SITES FOR MUCOADHESIVE DRUG DELIVERY SYSTEMS
The common sites of application where mucoadhesive polymers have the ability to delivery pharmacologically active agents include oral cavity, eye conjunctiva, vagina, nasal cavity and gastrointestinal tract. The current  section of the review will give an overview of the above- mentioned delivery sites.
The buccal cavity has a very limited surface area of around 50 cm2  but the easy access to the site makes it a preferred location for delivering active agents. The site provides an opportunity to deliver pharmacologically active agents systemically by avoiding hepatic first-pass metabolism in addition to the local treatment of the oral lesions. The sublingual mucosa is relatively more permeable than the buccal mucosa (due to the presence of large number of smooth muscle and immobile mucosa), hence formulations for sublingual delivery are designed to release the active agent quickly while mucoadhesive formulation is of importance for the delivery of active agents to the buccal mucosa where the active agent has to be released in a controlled manner.

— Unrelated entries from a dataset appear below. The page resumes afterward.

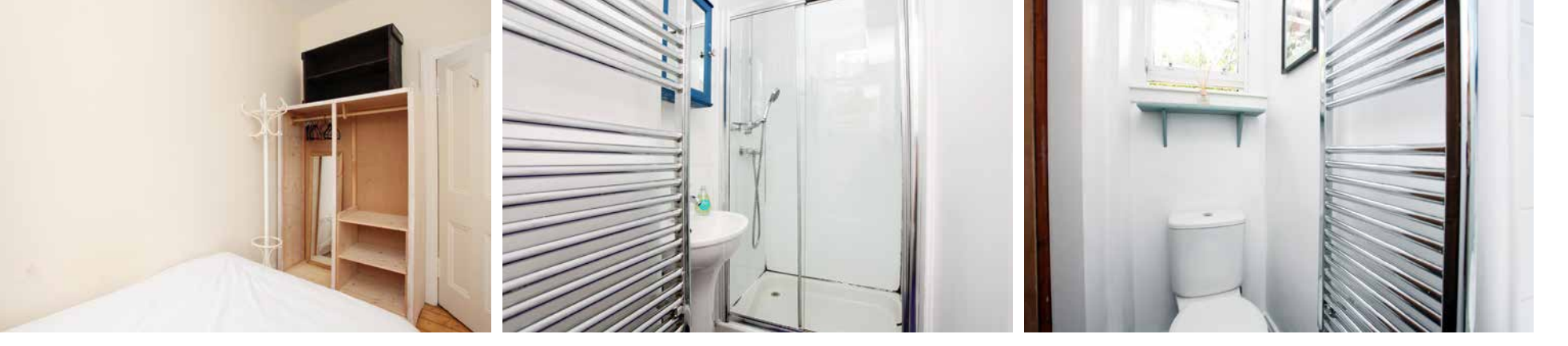
HALLWAY, BEDROOM & SHOWER ROOM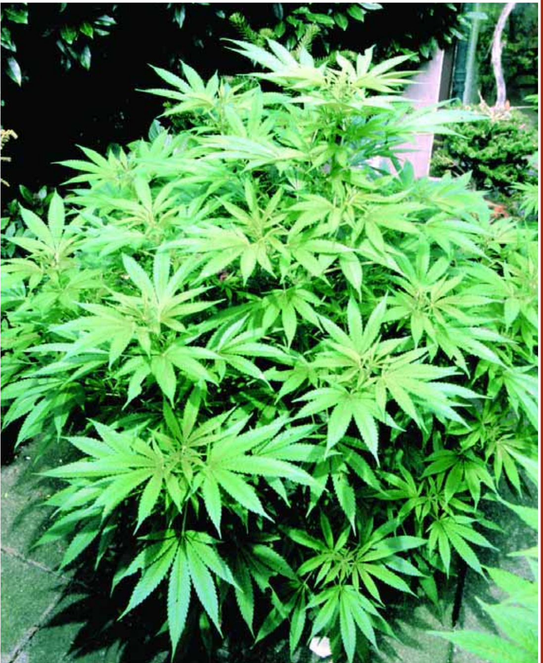
This plant is growing in sandy soil 30 feet (10 m) below sea level in Amsterdam.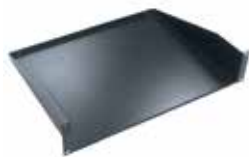
Equipment Shelf MCCCS19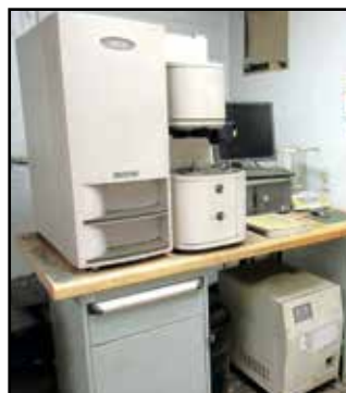
LECO NITROGEN/OXYGEN DETERMINATOR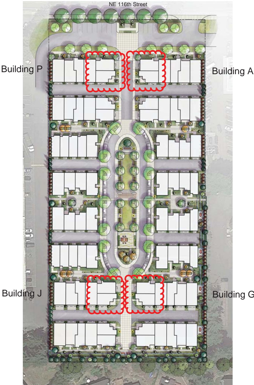
Location of buildings impacted by this change.

All design remains consistent to the original nature, character, color, material choice, layout, regulations, guidelines and Comprehensive Plan without exception.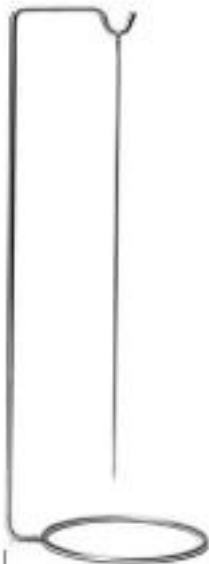
S.STEEL MEAT SKEWER with support Height 64,5 cm 25.39 in

This makes  the  buccal  cavity  more  suitable  for  mucoadhesive  drug  delivery  [51].  The  various mucoadhesive   polymers  used  for  the  development  of  buccal  delivery  systems  include cyanoacrylates,    polyacrylic    acid,    sodium    carboxymethylcellulose,    hyaluronic    acid, hydroxypropylcellulose, polycarbophil, chitosan and gellan [24, 52]. The delivery systems are generally coated  with a drug and water impermeable film so as to prevent the washing of the active agent by the saliva [24].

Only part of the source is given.